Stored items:
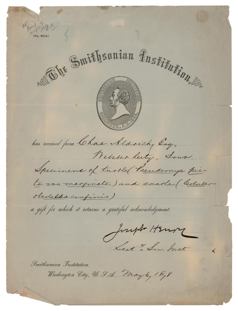 Physicist (1797-1878) who conducted experiments in the field of electromagnetism and served as the first secretary of the Smithsonian Institute. Partly-printed DS, one page, 8 x 10.75, May 6, 1878. Receipt from the Smithsonian Institution, in full: "The Smithsonian Institution has received from Chas. Aldrich?Specimens of turtle (Pseudenys picta var. marginata) and snake (Coluber obsoletus confinis), a gift for which it returns a grateful acknowledgment." In very good condition, with several small tears and losses to edges.
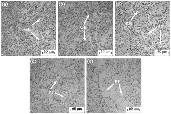 Optical microstructures of tested steel at different coiling temperatures. (a) 500 °C; (b) 550 °C; (c) 600 °C; (d) 650 °C; (e) 700 °C.
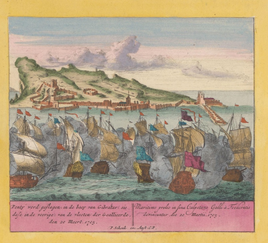 Será en este contexto cuando en 1704 las naves inglesas y holandesas, aliadas del Archiduque Carlos, aparecen frente a la ciudad de Gibraltar encontrándola, pese a su importancia geoestratégica, muy escasamente guarnecida con sólo unos 80 soldados al mando de Don Diego de Salinas, el último gobernador español del Peñón, quien capituló el 4 de agosto ante la potente armada anglo-holandesa. La ciudad se tomó en nombre del Archiduque Carlos, tal y como sucedió con otras ciudades españolas, pero al finalizar la Guerra mediante el Tratado de Utrecht que reconocía a Felipe V como rey de España, Gibraltar acabó siendo una colonia dentro de España. En palabras del escritor Arturo Pérez Reverte (2019): «Al final, la España borbónica y su aliada Francia ganaron la guerra; pero éramos ya tal piltrafa militar y diplomática que hasta los vencidos ganaron más que nosotros, y la victoria de Felipe V nos costó un huevo de la cara. Con la Paz de Utrecht, todos se beneficiaron menos el interesado. Francia mantuvo su influencia mundial, pero España perdió todas las posesiones europeas que le quedaban: Bélgica, Luxemburgo, Cerdeña, Nápoles y Milán; y de postre, Gibraltar y Menorca, retenidas por los ingleses como bases navales para su escuadra del Mediterráneo.» El artículo 10 del Tratado de Utrecht es el que nos habla de cesión de Gibraltar a la corona inglesa.
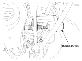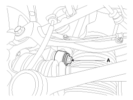 Ослабьте крепежную гайку и снимите вспомогательный рычаг (A) с помощью SST (09568-2J100).
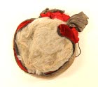 DescriptionTiny white fake fur, red velvet band above tiny brim. Sheer silver ribbon under red band. Red flowers. Lined in white silk.On View

WHAT IS REQUIRED: Give again the stretch of lines above from the one with "Optical microstructures of" through the one with "Ослабьте крепежную гайку", both ends kept, and copy no pictures.

ANSWER SECTION:
 Optical microstructures of tested steel at different coiling temperatures. (a) 500 °C; (b) 550 °C; (c) 600 °C; (d) 650 °C; (e) 700 °C.
 Será en este contexto cuando en 1704 las naves inglesas y holandesas, aliadas del Archiduque Carlos, aparecen frente a la ciudad de Gibraltar encontrándola, pese a su importancia geoestratégica, muy escasamente guarnecida con sólo unos 80 soldados al mando de Don Diego de Salinas, el último gobernador español del Peñón, quien capituló el 4 de agosto ante la potente armada anglo-holandesa. La ciudad se tomó en nombre del Archiduque Carlos, tal y como sucedió con otras ciudades españolas, pero al finalizar la Guerra mediante el Tratado de Utrecht que reconocía a Felipe V como rey de España, Gibraltar acabó siendo una colonia dentro de España. En palabras del escritor Arturo Pérez Reverte (2019): «Al final, la España borbónica y su aliada Francia ganaron la guerra; pero éramos ya tal piltrafa militar y diplomática que hasta los vencidos ganaron más que nosotros, y la victoria de Felipe V nos costó un huevo de la cara. Con la Paz de Utrecht, todos se beneficiaron menos el interesado. Francia mantuvo su influencia mundial, pero España perdió todas las posesiones europeas que le quedaban: Bélgica, Luxemburgo, Cerdeña, Nápoles y Milán; y de postre, Gibraltar y Menorca, retenidas por los ingleses como bases navales para su escuadra del Mediterráneo.» El artículo 10 del Tratado de Utrecht es el que nos habla de cesión de Gibraltar a la corona inglesa.
 Ослабьте крепежную гайку и снимите вспомогательный рычаг (A) с помощью SST (09568-2J100).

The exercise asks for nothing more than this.